- [Problem statement]
From the data below, please reproduce exactly everything from the line that contains "그리고 라면하면 매번" down to the line that contains "Aus alten Konservendosen", with both ends included.

- [Extracted information]

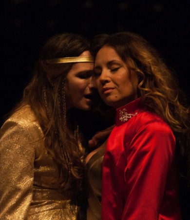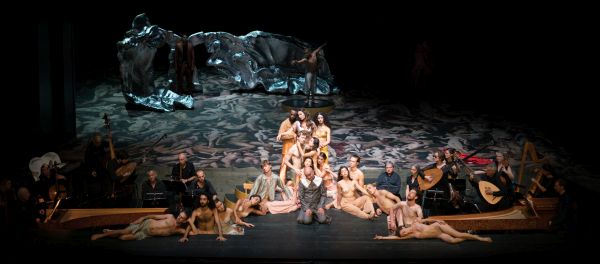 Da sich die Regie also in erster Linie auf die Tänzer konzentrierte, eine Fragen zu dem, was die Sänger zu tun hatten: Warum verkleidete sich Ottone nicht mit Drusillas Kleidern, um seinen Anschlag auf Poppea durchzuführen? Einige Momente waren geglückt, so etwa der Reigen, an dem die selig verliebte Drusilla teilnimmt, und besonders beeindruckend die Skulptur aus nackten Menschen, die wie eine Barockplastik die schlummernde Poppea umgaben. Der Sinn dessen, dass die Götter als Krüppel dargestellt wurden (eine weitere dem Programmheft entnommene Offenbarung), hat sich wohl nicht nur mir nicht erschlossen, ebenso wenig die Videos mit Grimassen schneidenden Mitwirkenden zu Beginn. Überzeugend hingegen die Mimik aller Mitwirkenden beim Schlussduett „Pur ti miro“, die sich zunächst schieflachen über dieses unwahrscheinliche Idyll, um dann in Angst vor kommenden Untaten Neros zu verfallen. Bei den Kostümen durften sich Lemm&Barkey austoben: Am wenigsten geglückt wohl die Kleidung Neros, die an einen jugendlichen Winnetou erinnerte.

---

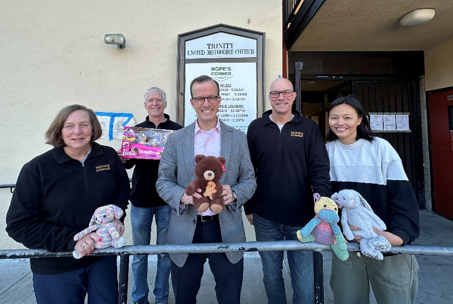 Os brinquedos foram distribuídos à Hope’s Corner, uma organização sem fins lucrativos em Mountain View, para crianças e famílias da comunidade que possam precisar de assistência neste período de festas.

* * *

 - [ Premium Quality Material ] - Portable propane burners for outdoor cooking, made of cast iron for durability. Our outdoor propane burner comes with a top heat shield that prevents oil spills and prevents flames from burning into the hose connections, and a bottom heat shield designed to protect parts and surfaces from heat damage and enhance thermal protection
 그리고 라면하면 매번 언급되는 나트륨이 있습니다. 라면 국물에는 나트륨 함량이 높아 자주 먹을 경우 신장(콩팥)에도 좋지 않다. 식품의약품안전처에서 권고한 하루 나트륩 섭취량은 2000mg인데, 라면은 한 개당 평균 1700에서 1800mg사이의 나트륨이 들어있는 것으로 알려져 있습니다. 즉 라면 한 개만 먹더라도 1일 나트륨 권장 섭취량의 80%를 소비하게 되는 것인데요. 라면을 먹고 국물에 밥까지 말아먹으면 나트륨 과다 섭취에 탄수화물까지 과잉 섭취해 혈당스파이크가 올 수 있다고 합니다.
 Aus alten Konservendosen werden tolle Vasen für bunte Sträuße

- [Exercise answer]
 그리고 라면하면 매번 언급되는 나트륨이 있습니다. 라면 국물에는 나트륨 함량이 높아 자주 먹을 경우 신장(콩팥)에도 좋지 않다. 식품의약품안전처에서 권고한 하루 나트륩 섭취량은 2000mg인데, 라면은 한 개당 평균 1700에서 1800mg사이의 나트륨이 들어있는 것으로 알려져 있습니다. 즉 라면 한 개만 먹더라도 1일 나트륨 권장 섭취량의 80%를 소비하게 되는 것인데요. 라면을 먹고 국물에 밥까지 말아먹으면 나트륨 과다 섭취에 탄수화물까지 과잉 섭취해 혈당스파이크가 올 수 있다고 합니다.
 Aus alten Konservendosen werden tolle Vasen für bunte Sträuße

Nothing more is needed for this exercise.